Her nights are
sleepless, for still she hears and sees "the dumb tread of Time and the
approach of ever-nearing Fate". Then one night she is startled by a mighty
voice invading her mortal life; she is jerked into a trance and becomes "a
stone of God lit by an amethyst soul". What use Savitri—"O spirit, O
immortal energy"!—coming to "this dumb deathbound earth" if it
was merely to nurse a hopeless grief in a helpless heart? Not passive
sufferance but positive action is expected of her:
Arise, O soul, and vanquish Time and
Death.
Still in her
tranced state, Savitri replies: How can she strive when she has neither the
strength nor the will to fight? Feeble are her chances of success, feeble the
chances of the ignorant race of man responding to the "saviour Light"
from above. "Is there a God whom any cry can move?" Isn't he careless
of mankind, their dolour and their defeat?
What need have
I, what need has Satyavan
To avoid the
black-meshed net, the dismal door,
Or call a
mightier Light into life's closed room,
A greater Law
into man's little world?
For her own problem
there surely is cure enough; she can follow Satyavan to the far off bourne and
there "lie inarmed breast upon breast...forgetting eternity's call,
forgetting God". Almost a drowsy and pendant reply, hardly worthy of
Savitri; the voice therefore admonishes her: "Is this enough, O
spirit?" She has come down with a mightier intent, and it will not do to
shrink from the task:
Cam'st thou not
down to open the doors of Fate,
The iron doors
that seemed for ever closed,
And lead man to Truth's wide and golden road
That runs through finite things to
eternity?
The petulant
human rebel is silenced, and another power, the creator spirit within her,
makes a reply. Savitri is ready for action as a vessel of the immortal Spirit;
when she knows what she has to do, she will readily strive to do it. The voice
answers:
Find out thy soul, recover thy hid self,
In silence seek God's meaning in thy
depths,
Then mortal nature change to the divine.
Human thought
and human sense can be barriers checkmating the passage of the soul to the
Soul; casting away everything, everything has to be gained; and by this means
Savitri will be able to invoke the force of the Supreme and conquer Death.
The voice is withdrawn, and Savitri finds
herself sitting "rigid in her gold motionless pose" by sleeping
Satyavan's side. The sky lours, thunder rumbles, rain hisses; but Savitri sits
impassive still in self-absorbed concentration. She will look into herself, she
will go in quest of her soul (as earlier she had gone in quest of her spouse),
and she will not turn back till she sights and claims her hidden self.
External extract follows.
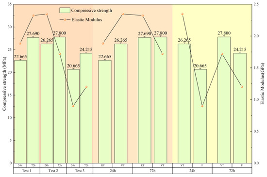 Compressive strength and elastic modulus. “Test 1,” “Test 2,” and “Test 3” refer to the RT, VT, and F groups, respectively.

Her first series of insights disclose to
her, "the cosmic past, the crypt-seed and the mystic origins,/The shadowy
beginnings of world fate". It is a vivid and breathless pageantry—from the
cosmic whirl of atomic space, the appearance of huddled masses of matter, the
emergence of life' in algae, plant and tree, in insect, bird and beast, to the
ultimate flowering of 'mind' in man:
Mind nascent laboured out a mutable form,
It built a mobile house on shifting
sands,
A floating isle upon a bottomless sea.
Restless and enterprising, Mind has made
conquests of all sorts and organised the "thousandfold commerce of the
world". Sometimes probing below, sometimes gazing above, Mind has extended
its inquiries into the lower as well as the higher regions of consciousness,
nether Hell as also .high Heaven. Mind has its handmaidens—fancy,
imagination—and they annex vast territories of experience for man to lord over.
In apprehension like a god, yet man can also solicit the dark and devalue
himself:
Man's house of life holds not the gods
alone:
There are occult Shadows, there are
tenebrous Powers,
Inhabitants of life's ominous nether
rooms,
A shadowy world's stupendous denizens...
The Titan and the Fury and the Djinn
Lie bound in the subconscient's cavern
pit
And the Beast grovels in his antre den...
They are best
kept caged and cribbed in the chambers of the underground, for once you start
negotiating with them, they seize you body and soul, pervert all instruments,
press their advantages without mercy, and deluge man's world with blood and
terror:
The terrible Angel smites at every door:
An awful laughter mocks at the world's
pain
And massacre and torture grin at
Heaven:...
Man has propensities both towards good and
evil; to give evil full and free play is to turn God's purposes upside down,
for,
It imitates the Godhead it denies,
Puts on his figure and assumes his face.
A Manichean creator and destroyer,
This can abolish man, annul his world.
Thus man finds
himself at the crossroads where meet opposing paths that show the way either to
the world of the blessed or to the condemned wastes of hell. Man has a past and
future, and the narrow isthmus of the present is his playground of trial and
striving. While his mind is his helper, he cannot wholly depend upon it; mind
too can mislead, unawares sometimes, and sometimes deliberately. There are
other forces, however, to redress the balance, at times also to tilt it to
dangerous consequence:
A portion of us
lives in present Time,
A secret mass
in dim inconscience gropes;
Out of the
inconscient and subliminal
Arisen, we live
in mind's uncertain light
And strive to
know and master a dubious world
Whose purpose
and meaning are hidden from our sight.
But this is no
more than a first report or preliminary finding; deeper meanings, clearer
purposes, emerge on a closer look at the human drama that is being played on
the cosmic stage. Not out of a "blind Nature-Force" has life emerged,
and then mind; the sea of inconscience carries the potencies of life, mind, and
any powers that may be above mind, though all as yet held in suspension as it
were. What is 'involved', nascent or held in suspense comes out when the time
is ripe, and so the evolutionary march begins and continues.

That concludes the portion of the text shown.